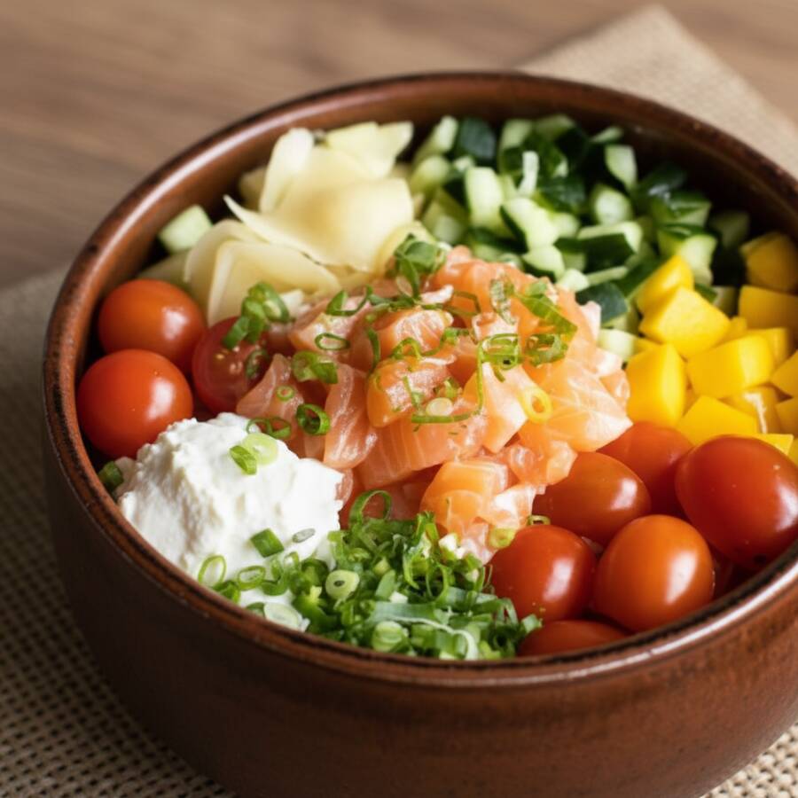 Atum crum em cubos 100g, sunomono, couve, edamame , manga e molho do chefe, tomate cereja
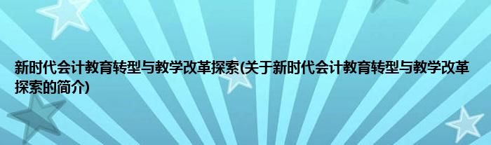 新时代会计教育转型与教学改革探索(关于新时代会计教育转型与教学改革探索的简介)
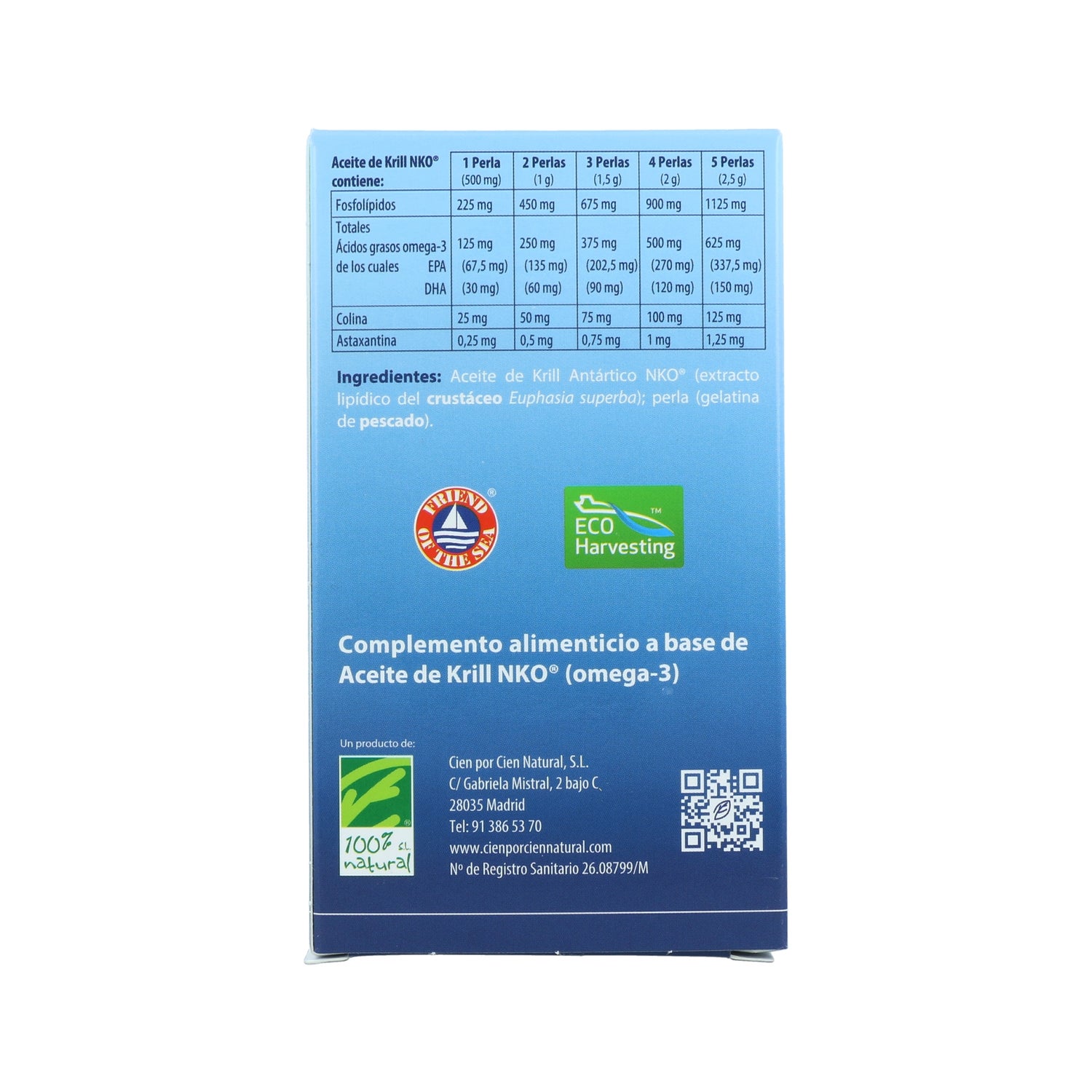 100% Natural Krill Oil Nko 40 capsules de 500mg est un complément alimentaire à base d'acides gras oméga 3 (EPA et DHA) naturellement liés aux phospholipides et antioxydants.Il a été développé par un procédé d'extraction à froid, sous brevet NKO®, et enrichi en choline et astaxanthine.
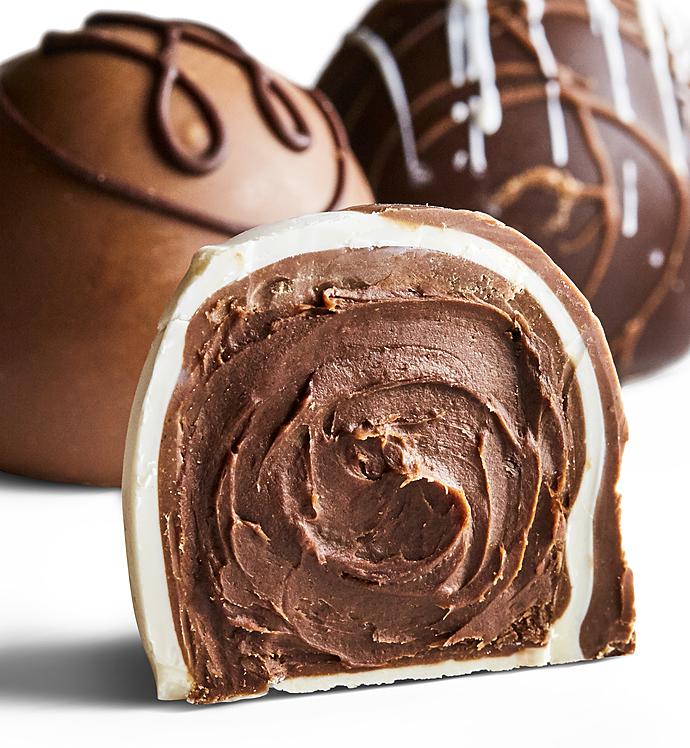 Irish Coffee Truffle - Dark chocolate center blended with Irish coffee flavor, dipped in milk chocolate, then in white chocolate.
=======
PROBLEM:
Word for word, restate only the lines from the one bearing "100% Natural Krill" through the final line of the listing, inclusive, with no pictures.

ANSWER FOR THIS EXERCISE:
 100% Natural Krill Oil Nko 40 capsules de 500mg est un complément alimentaire à base d'acides gras oméga 3 (EPA et DHA) naturellement liés aux phospholipides et antioxydants.Il a été développé par un procédé d'extraction à froid, sous brevet NKO®, et enrichi en choline et astaxanthine.
 Irish Coffee Truffle - Dark chocolate center blended with Irish coffee flavor, dipped in milk chocolate, then in white chocolate.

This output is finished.